И шуршат по дорожке гости. Налетают загорелые женщины с короткой стрижкой – смех, объятия, возгласы, поцелуи, хотя расстались всего три-четыре часа назад на пляже. Смех, смех – им весело; тискают, трясут и переворачивают Илюшу, как издающую звуки куклу, он упускает в темноту шар, хнычет, вертится под ногами.
Если всё не так, если всё иначе, если сердце плачет от… – на пробу запускается патефон.
заминка на сцене (под нестерпимый смех фотографий)
Мать обносит гостей, будто хлебом-солью, блюдом с абрикосами, благо плодоносящий сад обступает виллу, и заодно командует сервировкой, ещё, оказывается, не законченной взявшимися помочь подругами, которые увлеклись, отвлеклись, ещё бы, Душский гадает женщинам по ладоням, всех по очереди вгоняя в краску, те немеют, цепенеют от липкой прозорливости психиатра – Душский остроумно импровизирует, к неловкому удивлению испытуемых делая вид, что извлекает из богатого врачебного багажа фривольные истории и теории.
– Почему снятся догоняющие уродцы, монстры?
– Тайные желания вытесняются в сон…
– Хочу, чтобы догнали меня и…
– Ещё как хотите!
– Но…
– Но боитесь в этом признаться.
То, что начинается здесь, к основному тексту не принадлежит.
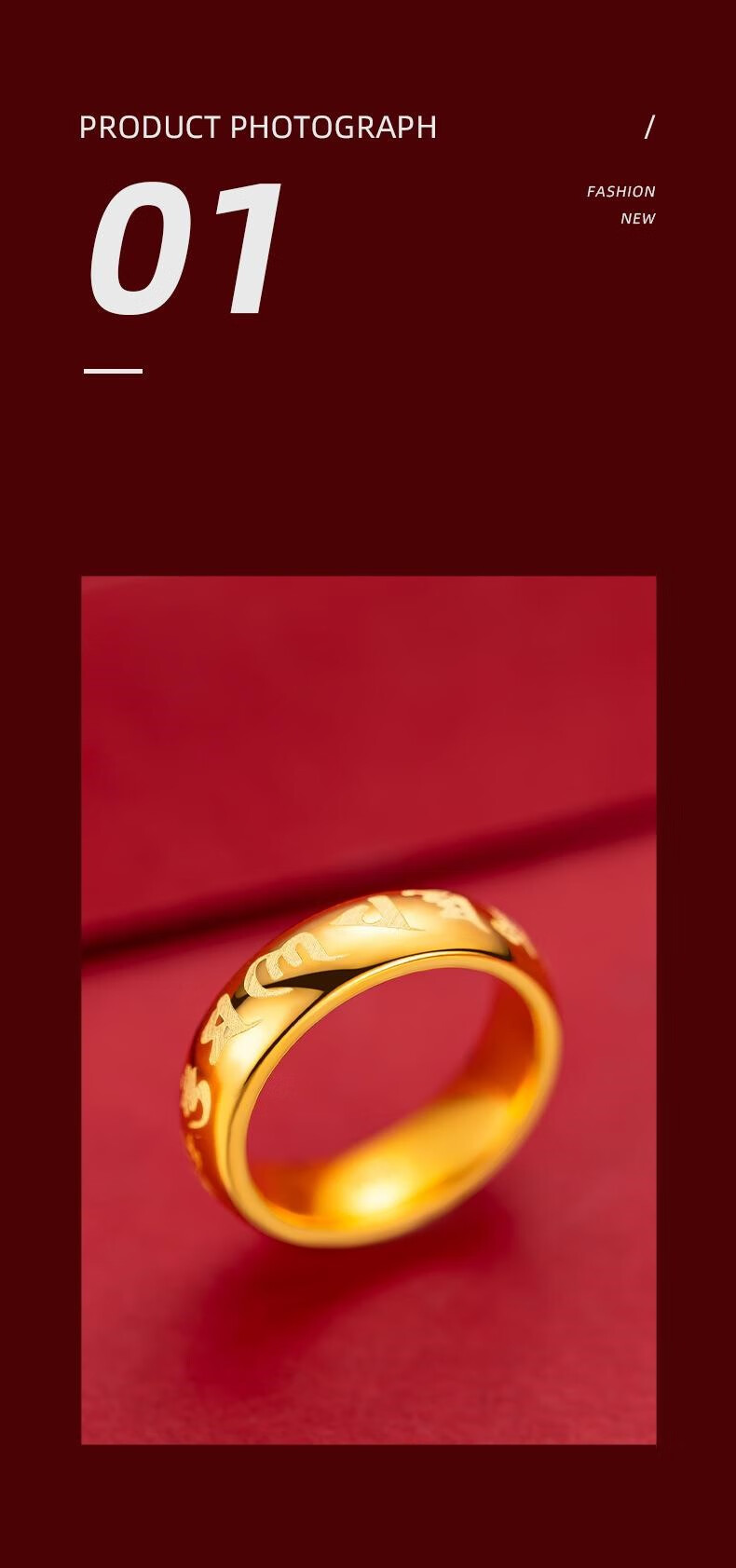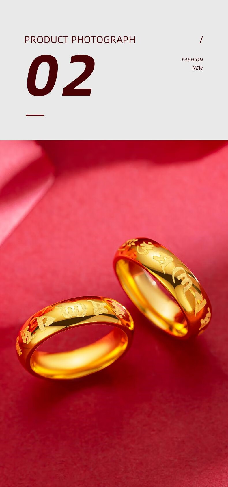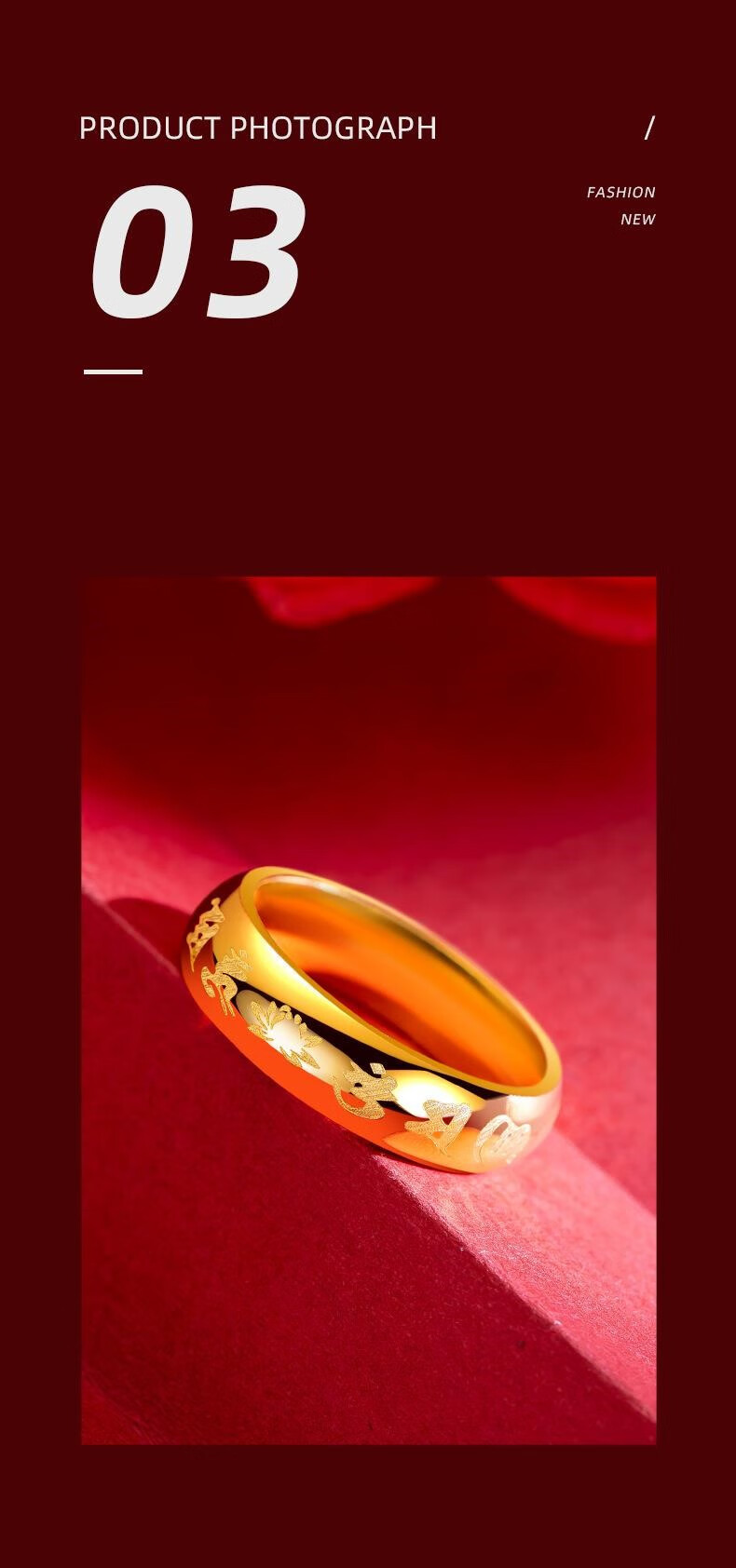 Pupan Lao Phoenix 999 Bengal red gold-plated six-character mantra ring for men and women couples ring sand gold glossy six 8# six-character mantra ring Lao Fengxiang quality

Даже себе.
– И… и что же? Любовь, самая светлая, зиждется на пороках?
– Не совсем так, не совсем… время суток перенацеливает стрелу любви – днём любят за добродетели, ночью – исключительно за пороки.
– Жестоко шутите, Лёня!
– Это не шутка, святая правда.
– Гармония невозможна?
– Увы, – Душский виновато разводит руками.
– Лёня, откуда берутся психические болезни, та же шизофрения?
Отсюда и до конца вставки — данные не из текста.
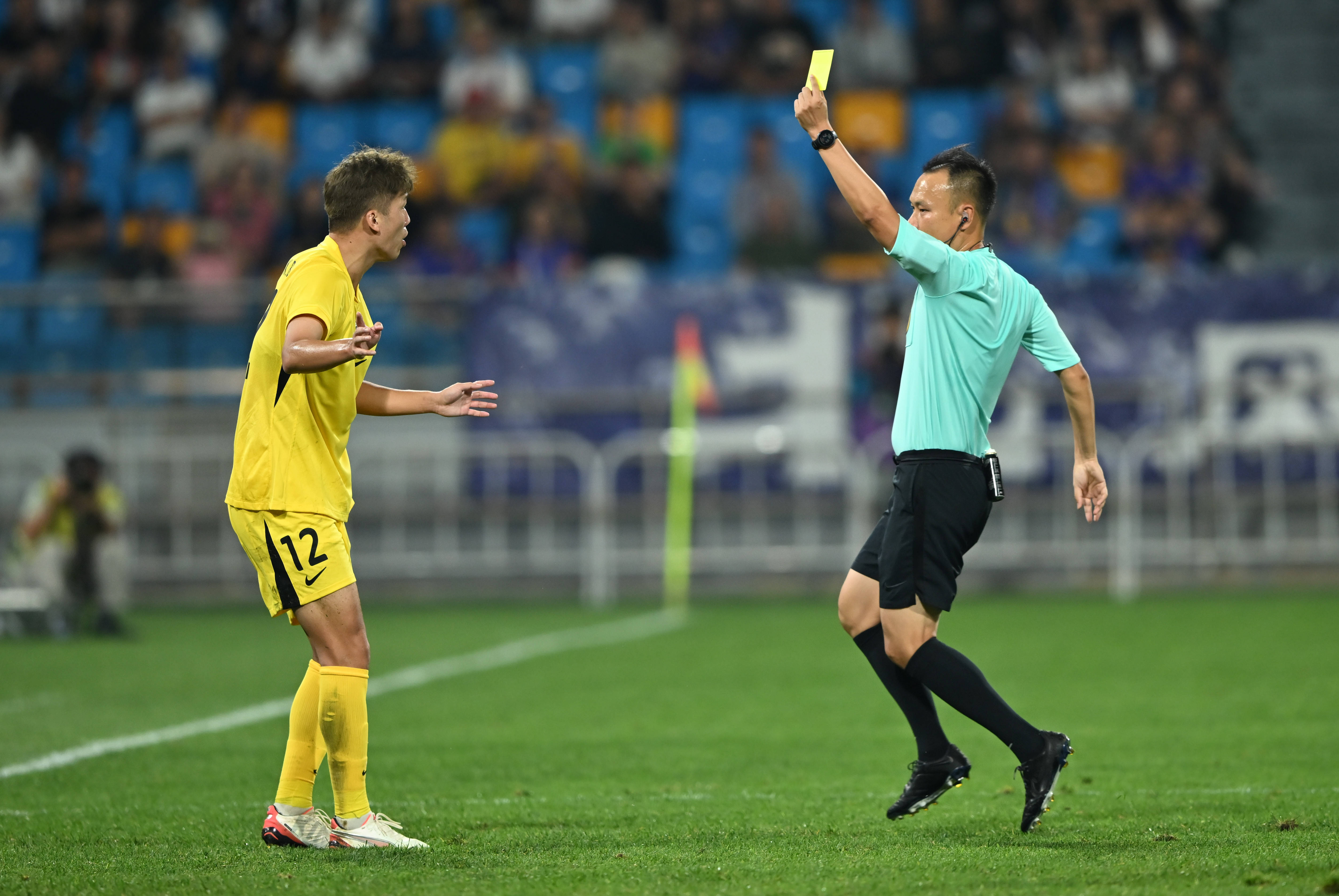 9月21日,主裁判王竞(右)向深圳新鹏城队球员张晓彬出示黄牌。 新华社记者 孙凡越 摄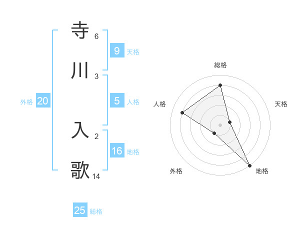 寺川 入歌さんの総格は25画の4点!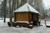 Домик с беседкой - отдельный одноэтажный рубленый домик, рядом с которым находится малая беседка, с возможностью установки мангала.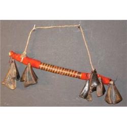 Dew Claw Rattle. Decorated with early red shroud & fiber wrapping. Late 19th century. Displayed in the International Bell Museum in Colorado. 9" long. Estimate $200-$300.
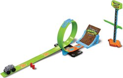 Pestrofarebná závodná dráha so slučkou a rampou, ktorá odpáli rozbehnuté autíčko do vzduchu.

– Наследственная память полна смертельных ужасов, несчастий, которые постигали предков.
– Леонид Исаевич, если изобретут лекарство…
– Мариночка, лекарства лечат симптомы, не болезни…
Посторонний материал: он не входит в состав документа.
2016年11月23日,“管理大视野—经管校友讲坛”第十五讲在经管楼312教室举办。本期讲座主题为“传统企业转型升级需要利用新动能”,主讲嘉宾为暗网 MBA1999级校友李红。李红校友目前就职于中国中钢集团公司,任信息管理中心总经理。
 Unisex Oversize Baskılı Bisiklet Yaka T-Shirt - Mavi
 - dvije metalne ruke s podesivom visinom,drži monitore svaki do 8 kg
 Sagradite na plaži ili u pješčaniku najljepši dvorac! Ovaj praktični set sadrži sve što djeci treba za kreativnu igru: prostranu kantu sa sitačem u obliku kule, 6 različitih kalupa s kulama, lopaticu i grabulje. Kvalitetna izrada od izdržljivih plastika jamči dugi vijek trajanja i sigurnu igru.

– И что же… – наливает лимонад Нюся, – шизофрения неизлечима?
– Разумеется!
– Вы, врач, расписываетесь в бессилии?
– Ничуть! Снимаю пиковые рецидивы, успокаиваю душем «шарко».
– Религия медицине не помогает?
– Не забывайте, Мариночка, христианство развело природное и духовное, навеки обрекло свою многомиллионную паству на хроническую шизофрению.
И вдруг чудилось Соснину, что всё-всё было не так, иначе, но как именно – не узнать. А фото стыдили – не ленись! Ты обязан трудиться, чтобы ожили хохочущие в объектив истуканы, которых так больно рассматривать теперь из неведомого им тогда будущего. Соснин смотрит на залитые комнатным электричеством мизансцены минувшего, вслушивается в нестерпимый смех, и боль усиливается страхом – запоздалым страхом за них, весёлых и молодых, за себя-маленького, капризного, беззащитно-доверчивого, за всех тех, кого почему-то высветил на зыбких подмостках луч. Ему страшно, хотя ничего страшного он не видит – южная тьма, окутавшая яркую сцену, где разыгрывается ежевечерний спектакль, подобна ткани кулис. Он смотрит, вслушивается в смех и никак не может понять – начинать ли начисто действие или продолжать репетировать, всё глубже погружая выдуманные факты в подлинные, как кажется, ощущения. Ко всему памяти не хватает достоверных деталей, фантазии – реального, неотвратимого образа, но из-за чешуйчато-чёрных крон, словно потянули за невидимую верёвку, выползает оранжево-красная, как апельсин-королёк, луна. И страх отступает, оживают комбинации позирующих тел, лица. Затмевая луну, электричество, магниевая вспышка на лейке неутомимого Сени Ровнера – горластого, зубы вперёд, фоторепортёра украинской газеты, маленького, густо-веснущатого живчика, с проблесками лысины в рыжей опушке – выхватывает их из потока времени. Спасибо Сене, не пожалел извести на курортную компанию столько служебной плёнки.